В сентябре я был окончательно зачислен интерном на казенный счет, о чем помощник начальника военно-учебных заведений генерал Корсаков уведомил моего отца письмом, а затем и официальной бумагой, которые я привожу целиком. <…>[42]

Это было большой радостью моим родителям, которым очень трудно было содержать меня в Пажеском корпусе на свой счет, одна одежда стоила очень дорого.

В начале октября в корпусе у нас произошло большое событие – разнесся слух, что уходит Мезенцов и директором назначается Дитерихс – генерал-лейтенант, в то время директор одной из С.-Петербургских военных гимназий. Про Дитерихса носились слухи, что он очень требовательный и строгий, и потому мы не с особенным удовольствием ожидали его назначения.

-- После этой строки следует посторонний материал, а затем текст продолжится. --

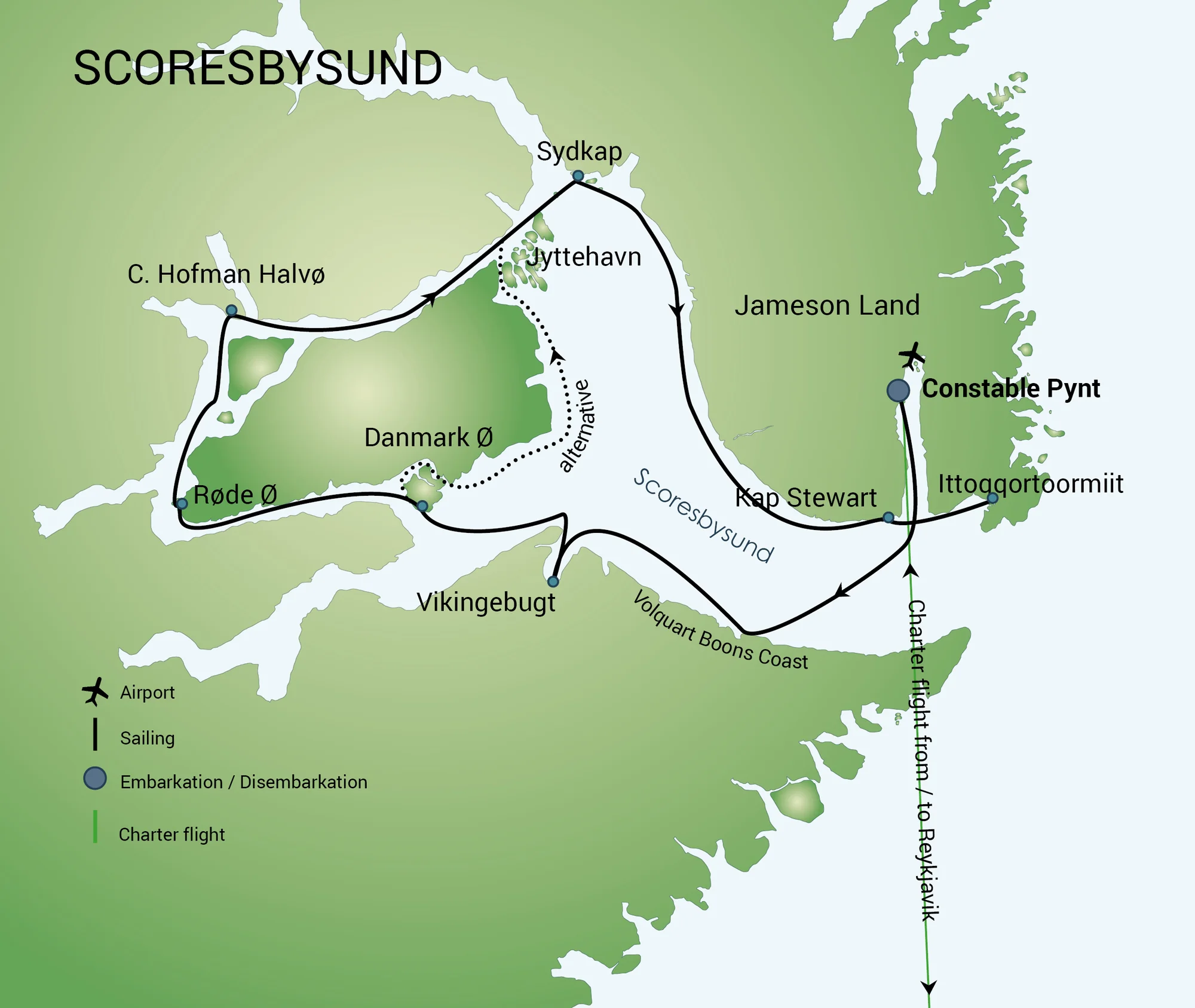 Maailma suurim saar Gröönimaa on kaetud määratu jääkilbiga. Enamjagu saarest asub polaarjoonest põhja pool. Äärmiselt hõreda asustuse tõttu pääseb Gröönimaal ühest paigast teise põhiliselt vaid meritsi. Ekspeditsioon viib meid 12 päevaks Ida-Gröönimaa rannikule, Scoresby Sundi, mida peetakse Gröönimaa ning ühtlasi kogu maailma suurimaks fjordide võrgustikuks. Gröönimaa idaosas Grööni meres asuv fjordide maa on justkui puu, mis on oma oksad laiali sirutanud ligi 38 000 km2 suurusel alal. Võrgustiku pikim fjord sirutub 350 kilomeetrit rannikust sisemaa poole. Merel näeme põhjapoolkera vägevaimaid jäämägesid. Maismaaretkedel mägitundrates ehk tundrutes kohtame uhkeid linnukolooniaid, kes valmistuvad talveks lõuna poole lendama. Eredamaid loomaelamusi pakuvad muskusveised.

12-го октября мы были обрадованы вестью о взятии Горного Дубняка – как только пришла телеграмма, уроки были прекращены, в церкви отслужен был молебен, и нас отпустили в отпуск.

По возвращении в корпус, на другой день, у нас в церкви в присутствии всех пажей была отслужена панихида по убитом 13-го октября на рекогносцировке князе Сергее Максимилиановиче.[43] Тело его было привезено в Петербург и похоронено в Петропавловской крепости. Я помню печальный торжественный перевоз тела его с Николаевского вокзала. Это было вечером, мы смотрели на процессию из окон квартиры наших друзей Шебашевых, которые жили на Невском проспекте в бельэтаже. Процессия двигалась как-то таинственно? среди полного мрака, только факелы, которые несли пажи младшего специального класса, освещали колесницу.

Все очень жалели Сергея Максимилиановича, говорили, что это был удивительно хороший человек.

От брата, с войны, мы имели постоянные вести, он был в аккуратной переписке с моей старшей сестрой. Мы всегда с нетерпением ждали его писем.

Старшая сестра моя работала в мастерской у великой княгини Александры Петровны во дворце, там готовили все необходимое для раненых. Когда мы приезжали из корпуса, то тоже бывали иногда в этой мастерской и даже помогали щипать корпию. В то время на раны клали не марлю, а корпию.

9-го ноября после второго урока к нам в класс почти вбежал наш воспитатель, уже по его лицу мы догадались, что получены вести о победе – действительно, он прочел нам депешу о взятии Карса.[44] Громкое «ура» вырвалось у нас. Уроки, конечно, были отменены, служили молебен и нас распустили в отпуск на два дня. Восторгу не было границ.

А 28-го ноября ликование наше достигло своего апогея – Плевна была взята со всей турецкой армией и Османом-пашой. Эта победа решила участь всей кампании.

Нас распустили на этот раз на три дня, весь город расцветился флагами, все улицы вечером были иллюминированы.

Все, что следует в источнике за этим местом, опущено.